My Dearest M....., Sunday Dec 31st 1944
This is a special letter - more or less about what I have received during the year. 24 letters from you, 2 Personal Parcels, 4 Cigarette and 1 Tobacco parcel. I have written you 57 letters and/or cards. Since I have been a POW I have sent 354 Letters or Cards of which 200 to you, dear (including this, the last of 1944), 30 to Mum & Dad, 52 to Office & the rest to various friends. A red Cross Parcel every week up to beginning of November when they were altered to one per fortnight. Red Cross shirts, pants, vests, socks & boots - all so very very acceptable. Perhaps you will send another donation to the Red Cross out of the £50 I have asked Pay Master to remit you. By way of entertainment we have had some jolly good books throughout the year - concerts at intervals and this Xmas found us still happy together. Christmas Eve we had a Concert & Carol Service, Xmas Day a little party in our room, & Boxing Day our famous 'Banquet' followed by Music hall Memories. At the latter the usual toast were drunk & we specially remembered 'Our Folks at Home'.
Regards to dear Mum & Dad.
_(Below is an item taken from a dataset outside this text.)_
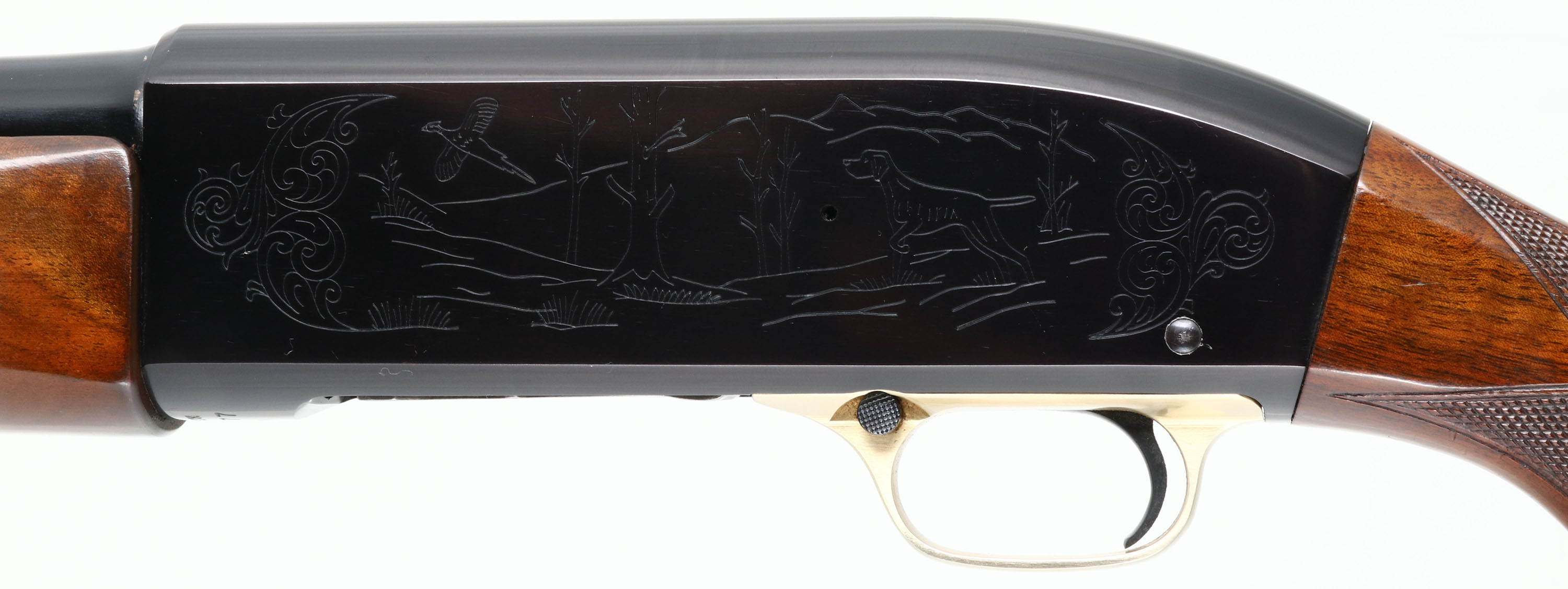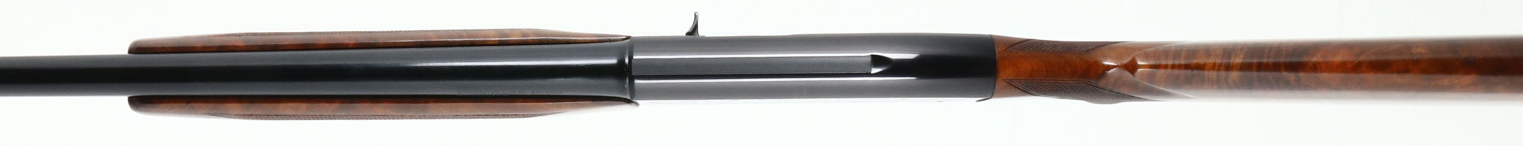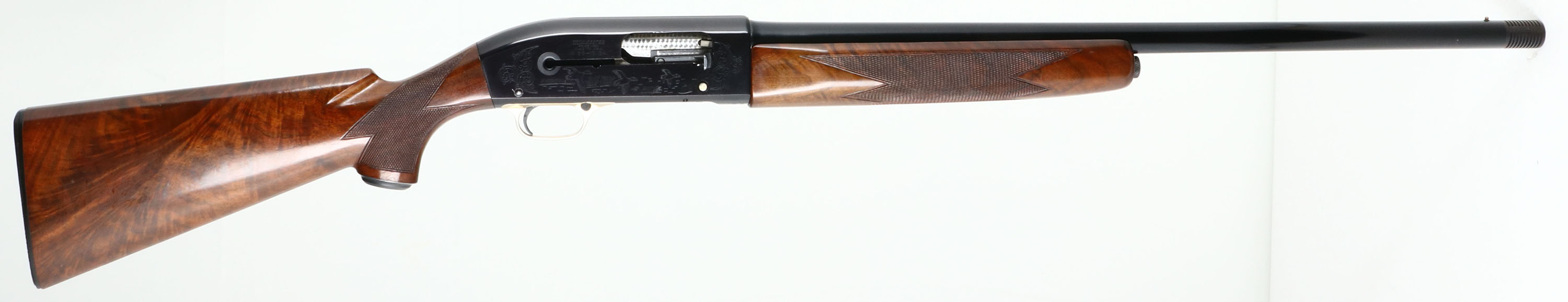 RARE PIGEON GRADE, Winchester Model 59 WIN-LITE, CAL: 12 GA, MFG: 1960-65, SN: 68277, Semi-Auto Shotgun, Choke: Multiple, 26'' Winchester Win-Lite steel/fiberglass barrel. The word ''PIGEON'' is engraved on the underside of the receiver. The alloy receiver is inscribed with hunting scenes, border accent engraving. The deluxe checkered & metal capped pistol grip wood stocks are excellent. The stock displays fantastic feathered & ripped grain, with few minor handling marks to the original finish. The factory metal finishes on the barrel & receiver rate 98% overall, with very little handling wear. Bore is excellent. Barrel is fitted with a single front bead. Buttstock carries a factory Winchester buttplate. Gold tone trigger guard. LOP: 14''. A wonderful & rare Pigeon grade Win-Lite. Very collectible.* FFL or C&R Req. - Value: 2000 to 4000

Love, Reg.

Freedom Letter

This is the text of a letter written from Markt Pongau at the end of the war by Pte Sidney Puzey, Green Howards to his wife Violet. Sid was first a POW in Italy and then at Work Camp 107/GW

My Dearest Darling Vi,

This is the first chance I have had to write you. I am quite fit and well and just waiting for that Boat or Plane to take us home. The war is over and I am a free man, no more barb wire, it feels good to able to walk along the road and no guards to worry you, gosh!, it doesn't seem true. So sorry I could not send you a letter for your birthday, so here's hoping you spent a happy and pleasant day. We are living in tents, every tent has an electric light installed, some of us have radios, there is plenty to eat and everybody is looking fit, will close now love and see you very shortly.